PROBLEM STATEMENT: Each entry is to be retyped exactly as it appears, and each image is to be dropped.

SOURCE DATA:
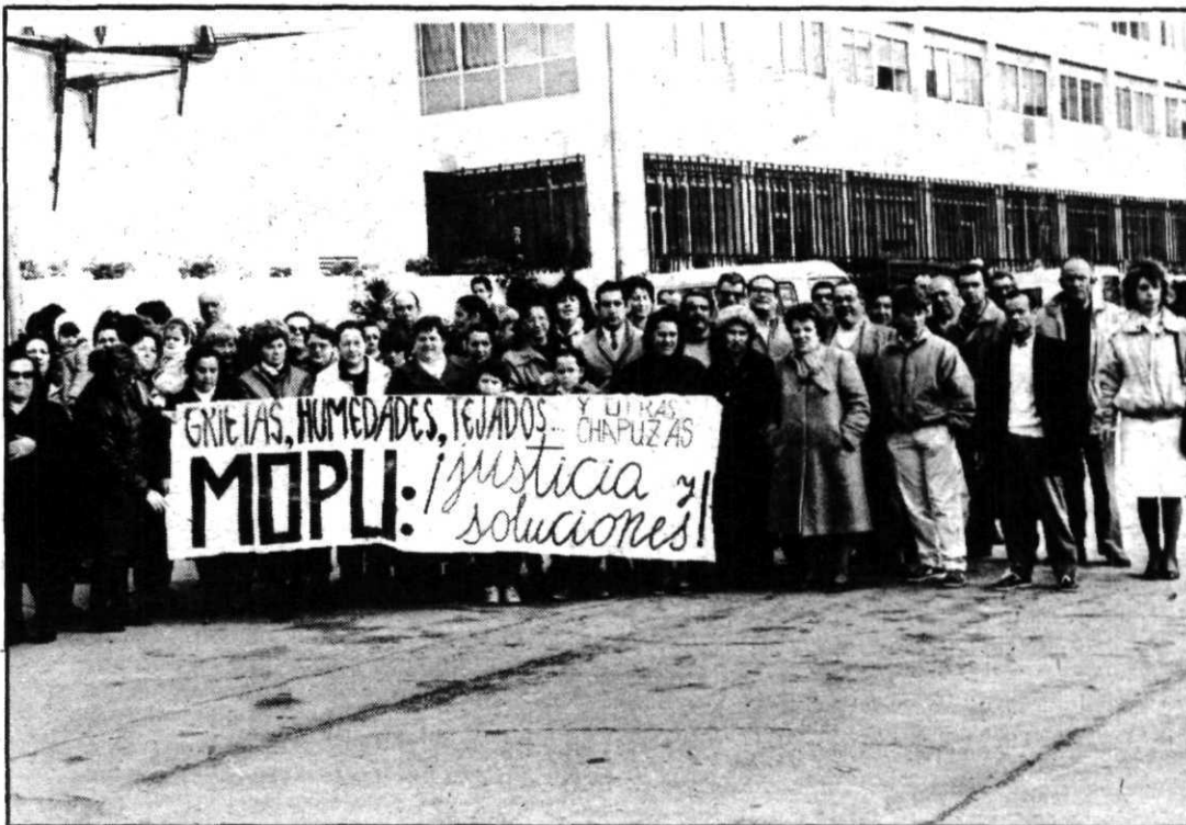
Los vecinos esperaron la llegada del ministro con sus pancartas.

En otro apartado de su escrito, los educadores critican el actual convenio «que perjudica gravemente a los intereses del colectivo educador, por el aumento de la jornada laboral y la pérdida de derechos adquiridos respecto a períodos vacacionales». Al final dicen que «la Administración se inhibe a la hora de establecer calendarios laborales y horarios de acuerdo con el convenio vigente, lo que lleva a una absoluta arbitrariedad de organización en cada centro».
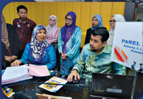
LAWATAN SISTEM PENARAFAN BINTANG PIHAK BERKUASA TEMPATAN
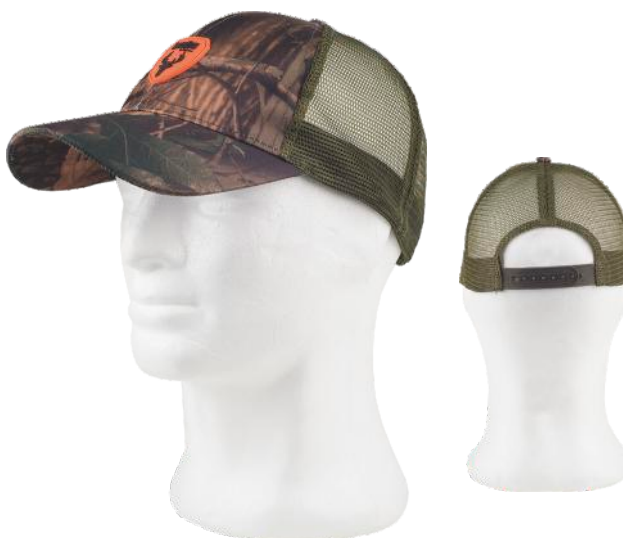
camuflagem forestal verde/verde caça
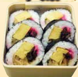
No.7 巻き寿司 (4.5寸折) 830円
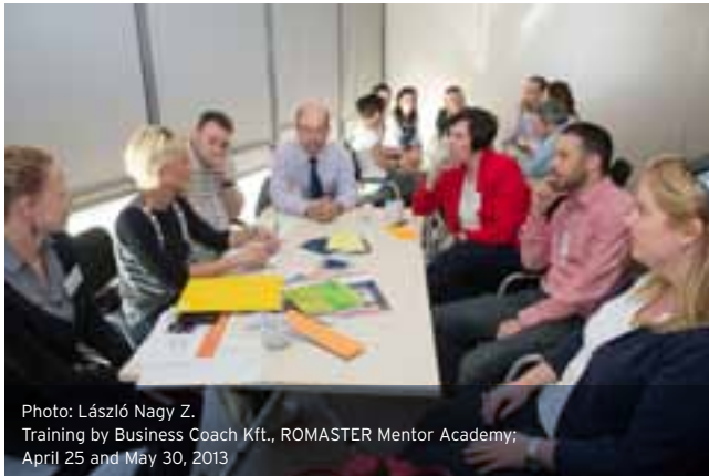
Training by Business Coach Kft., ROMASTER Mentor Academy; April 25 and May 30, 2013

Idei ötnapos nyári táborunk keretében többek közt volt improvizációs csapatépítő tréning a Momentán Társulattal, a diákok pályaaorientációs mérésen vettek részt a Báránnyelvi Alapítvány szervezésében, pénzügyi oktatást tartottak nekik a Morgan Stanley kollégái,
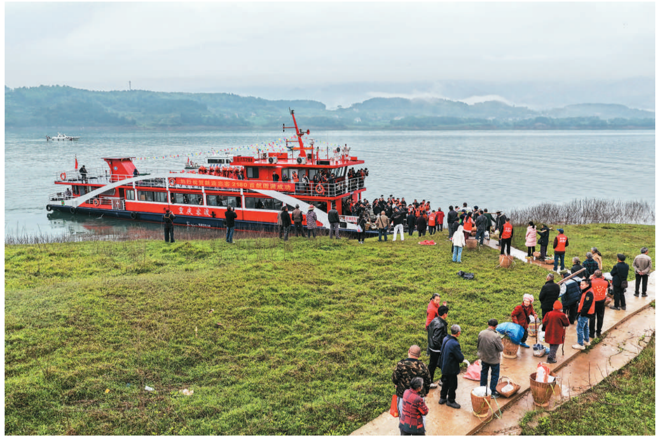
▲3月31日，在长江重庆忠县段，菜农登上“新渝忠客2180”客轮，准备前往县城西山码头。

3月31日清晨6点，细雨轻笼重庆市忠县洋渡镇洋渡码头，新老两艘“渝忠客2180”客轮并肩稳稳停靠在岸边。
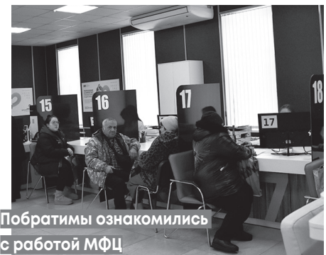
Побратимы ознакомились с работой МФЦ
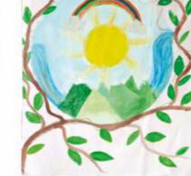
Андријана Васиљевић VII, 2. награда
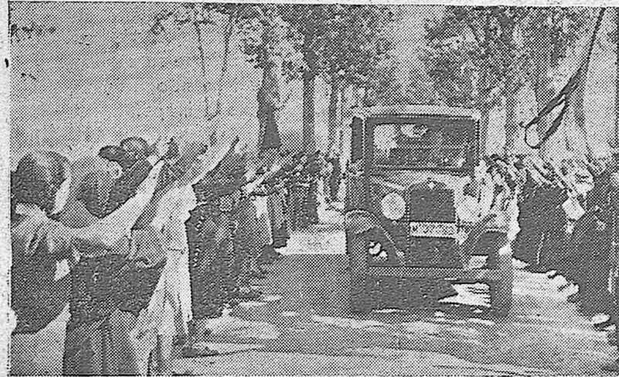
El paso de la comitiva fúnebre por Palencia, entrada en Saldaña, Villanoba de los Nabos, Gañinas y La Serna.
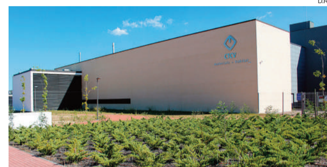
Esclarecimentos no Centro Tecnológico da Cerâmica e do Vidro

FUNDO Foi lançado um Fundo de Apoio às Pequenas e Médias Empresas (PME), “Ideas Powered for Business SME Fund”, no valor de 20 milhões de euros, destinado a ajudar as PME sediadas na União Europeia a aceder e beneficiar dos seus direitos de propriedade intelectual (DPI), com o objectivo de reforçar a sua competitividade no mercado e, também, para combater o impacto negativo causado pela pandemia de Covid-19 nas PME europeias.
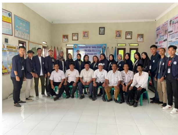
Gambar 16. pelepasan mahasiswa pkpm di balai desa Kaliasin
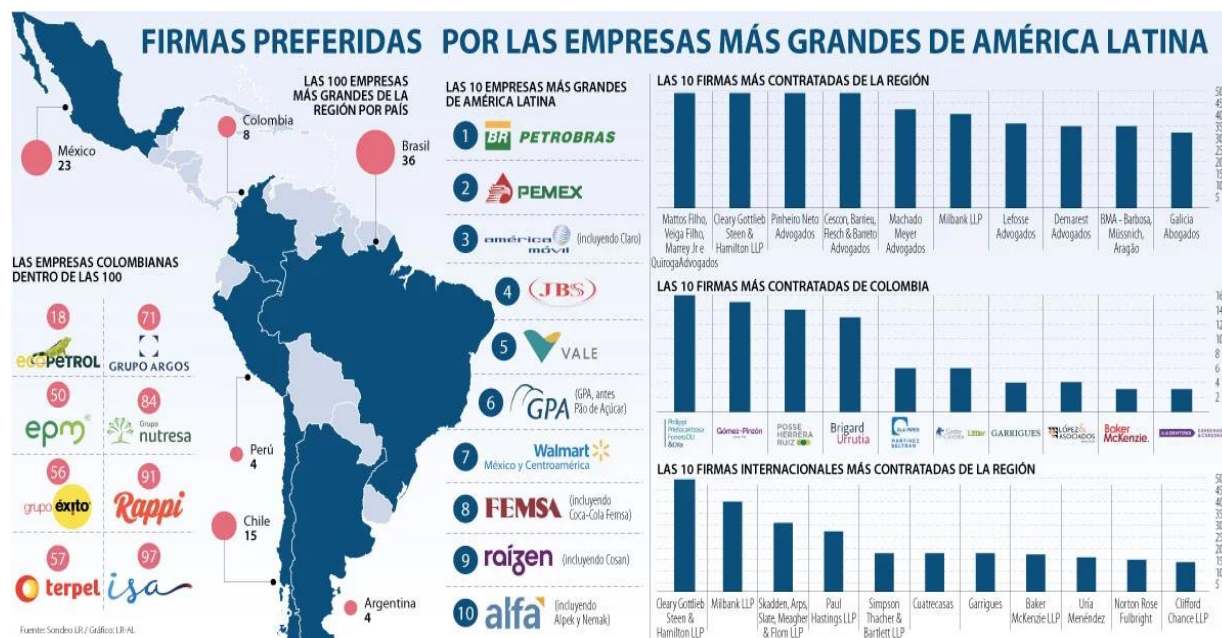
Gráfica 4. Relación de firmas preferidas por las empresas más grandes de América Latina
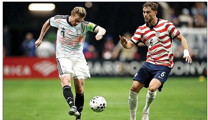
من مباراة بلجيكا والولايات المتحدة

رئيس "فيفا" جاني إنفانتينو مراجعة القرار شخصياً. وبعد تعليق إيقاف بالوغون، رفض "فيفا" استئناف بلجيكا، واصفا إياه بأنه "غير مقبول"، فيما قال الاتحاد البلجيكي إنه لم يتلق أي تفسير حول المسألة، وعبر مدرب منتخبه، الفرنسي رودي غارسيا، عن دهشته بالقرار بسخرية "الأول من نيسان".
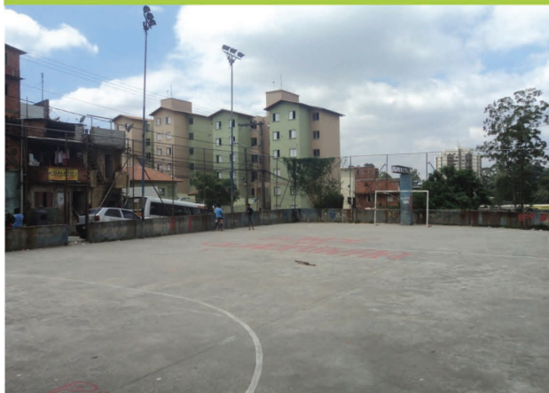
Rua Doutor Jose Augusto de Sousa e Silva, 203
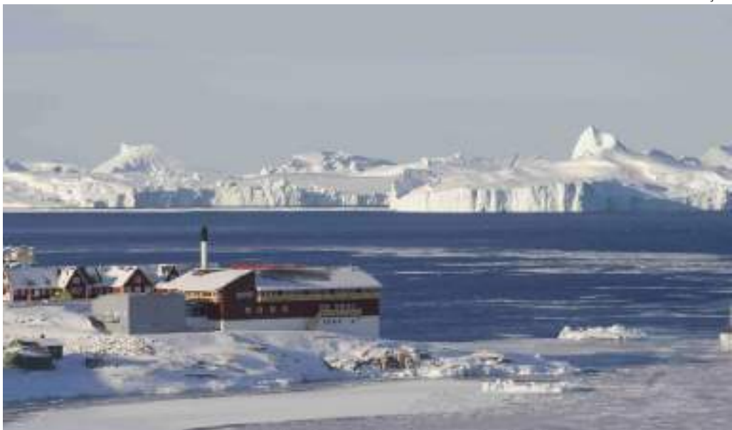
Ilha não está aberta à proposta, disse o chanceler dinamarquês
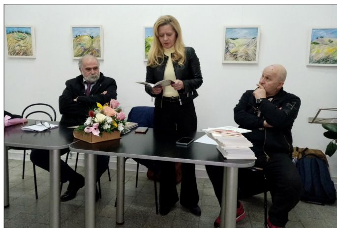
Са једног од књижевних догађаја
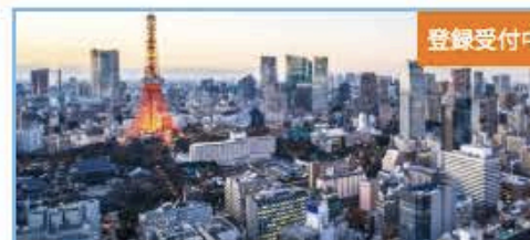
東京ウィンターキャリアフォーラム
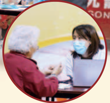
中醫師細心向求診市民問診

為慶祝仁濟五十周年紀念及推廣中醫保健養生健康訊息，本院董事局及仁濟醫院—香港浸會大學中醫教研中心（西九龍）特別舉辦上述活動，是次活動除了推廣仁濟的中醫服務之外，亦旨在宣揚中華民族幾千年來的健康養生理念，藉此提高大眾對中醫藥的認識。一連三天的活動合共為超過300名市民進行義診，反應非常踴躍。
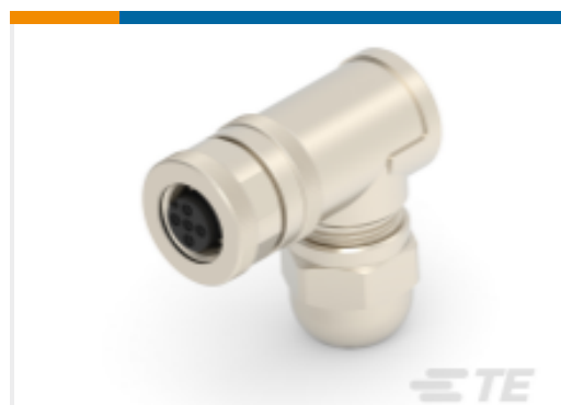
TE 产品编号T4112011031-000 M12 F, 3P GOLD A_CODE RA SHIELDED PG7

ANSWER TO THE PROBLEM:
Los vecinos esperaron la llegada del ministro con sus pancartas.

En otro apartado de su escrito, los educadores critican el actual convenio «que perjudica gravemente a los intereses del colectivo educador, por el aumento de la jornada laboral y la pérdida de derechos adquiridos respecto a períodos vacacionales». Al final dicen que «la Administración se inhibe a la hora de establecer calendarios laborales y horarios de acuerdo con el convenio vigente, lo que lleva a una absoluta arbitrariedad de organización en cada centro».
LAWATAN SISTEM PENARAFAN BINTANG PIHAK BERKUASA TEMPATAN
camuflagem forestal verde/verde caça
No.7 巻き寿司 (4.5寸折) 830円
Training by Business Coach Kft., ROMASTER Mentor Academy; April 25 and May 30, 2013

Idei ötnapos nyári táborunk keretében többek közt volt improvizációs csapatépítő tréning a Momentán Társulattal, a diákok pályaaorientációs mérésen vettek részt a Báránnyelvi Alapítvány szervezésében, pénzügyi oktatást tartottak nekik a Morgan Stanley kollégái,
▲3月31日，在长江重庆忠县段，菜农登上“新渝忠客2180”客轮，准备前往县城西山码头。

3月31日清晨6点，细雨轻笼重庆市忠县洋渡镇洋渡码头，新老两艘“渝忠客2180”客轮并肩稳稳停靠在岸边。
Побратимы ознакомились с работой МФЦ
Андријана Васиљевић VII, 2. награда
El paso de la comitiva fúnebre por Palencia, entrada en Saldaña, Villanoba de los Nabos, Gañinas y La Serna.
Esclarecimentos no Centro Tecnológico da Cerâmica e do Vidro

FUNDO Foi lançado um Fundo de Apoio às Pequenas e Médias Empresas (PME), “Ideas Powered for Business SME Fund”, no valor de 20 milhões de euros, destinado a ajudar as PME sediadas na União Europeia a aceder e beneficiar dos seus direitos de propriedade intelectual (DPI), com o objectivo de reforçar a sua competitividade no mercado e, também, para combater o impacto negativo causado pela pandemia de Covid-19 nas PME europeias.
Gambar 16. pelepasan mahasiswa pkpm di balai desa Kaliasin
Gráfica 4. Relación de firmas preferidas por las empresas más grandes de América Latina
من مباراة بلجيكا والولايات المتحدة

رئيس "فيفا" جاني إنفانتينو مراجعة القرار شخصياً. وبعد تعليق إيقاف بالوغون، رفض "فيفا" استئناف بلجيكا، واصفا إياه بأنه "غير مقبول"، فيما قال الاتحاد البلجيكي إنه لم يتلق أي تفسير حول المسألة، وعبر مدرب منتخبه، الفرنسي رودي غارسيا، عن دهشته بالقرار بسخرية "الأول من نيسان".
Rua Doutor Jose Augusto de Sousa e Silva, 203
Ilha não está aberta à proposta, disse o chanceler dinamarquês
Са једног од књижевних догађаја
東京ウィンターキャリアフォーラム
中醫師細心向求診市民問診

為慶祝仁濟五十周年紀念及推廣中醫保健養生健康訊息，本院董事局及仁濟醫院—香港浸會大學中醫教研中心（西九龍）特別舉辦上述活動，是次活動除了推廣仁濟的中醫服務之外，亦旨在宣揚中華民族幾千年來的健康養生理念，藉此提高大眾對中醫藥的認識。一連三天的活動合共為超過300名市民進行義診，反應非常踴躍。
TE 产品编号T4112011031-000 M12 F, 3P GOLD A_CODE RA SHIELDED PG7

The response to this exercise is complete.